* [YOUR ASSIGNMENT]
Using the entries that follow, write out the line containing "在白交祠村高山党校教室,党委", the line containing "Collared, long sleeve", and every line between them, exactly and nothing else.

* [MATERIAL FOR THIS TASK]
_ _ _ _ _

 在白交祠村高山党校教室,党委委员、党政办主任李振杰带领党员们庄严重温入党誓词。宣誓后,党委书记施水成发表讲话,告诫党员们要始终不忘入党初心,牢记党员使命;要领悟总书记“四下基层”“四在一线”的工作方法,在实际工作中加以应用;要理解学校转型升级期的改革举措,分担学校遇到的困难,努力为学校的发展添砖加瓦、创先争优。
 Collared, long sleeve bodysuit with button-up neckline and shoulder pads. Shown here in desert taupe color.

_ _ _ _ _

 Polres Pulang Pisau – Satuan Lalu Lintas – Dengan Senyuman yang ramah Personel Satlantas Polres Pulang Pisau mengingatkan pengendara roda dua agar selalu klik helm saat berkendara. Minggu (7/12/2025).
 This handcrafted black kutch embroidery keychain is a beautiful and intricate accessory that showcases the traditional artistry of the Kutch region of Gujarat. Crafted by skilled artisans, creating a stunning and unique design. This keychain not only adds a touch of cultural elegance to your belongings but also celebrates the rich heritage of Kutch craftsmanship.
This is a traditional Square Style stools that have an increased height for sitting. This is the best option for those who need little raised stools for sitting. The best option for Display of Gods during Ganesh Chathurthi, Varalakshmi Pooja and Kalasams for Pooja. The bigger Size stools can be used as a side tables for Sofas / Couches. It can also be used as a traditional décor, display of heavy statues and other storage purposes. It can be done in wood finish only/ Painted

_ _ _ _ _

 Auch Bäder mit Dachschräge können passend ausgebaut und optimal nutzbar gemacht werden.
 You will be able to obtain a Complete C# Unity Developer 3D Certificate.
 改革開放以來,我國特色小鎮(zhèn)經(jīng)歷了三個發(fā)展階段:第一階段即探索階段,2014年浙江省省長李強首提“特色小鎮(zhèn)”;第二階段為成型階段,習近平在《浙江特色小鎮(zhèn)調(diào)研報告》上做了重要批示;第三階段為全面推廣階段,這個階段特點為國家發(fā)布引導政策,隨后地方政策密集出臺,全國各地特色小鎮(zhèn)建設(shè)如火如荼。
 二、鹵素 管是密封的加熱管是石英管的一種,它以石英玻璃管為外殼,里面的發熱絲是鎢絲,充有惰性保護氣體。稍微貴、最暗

_ _ _ _ _

* [OUTPUT FOR THIS TASK]
 在白交祠村高山党校教室,党委委员、党政办主任李振杰带领党员们庄严重温入党誓词。宣誓后,党委书记施水成发表讲话,告诫党员们要始终不忘入党初心,牢记党员使命;要领悟总书记“四下基层”“四在一线”的工作方法,在实际工作中加以应用;要理解学校转型升级期的改革举措,分担学校遇到的困难,努力为学校的发展添砖加瓦、创先争优。
 Collared, long sleeve bodysuit with button-up neckline and shoulder pads. Shown here in desert taupe color.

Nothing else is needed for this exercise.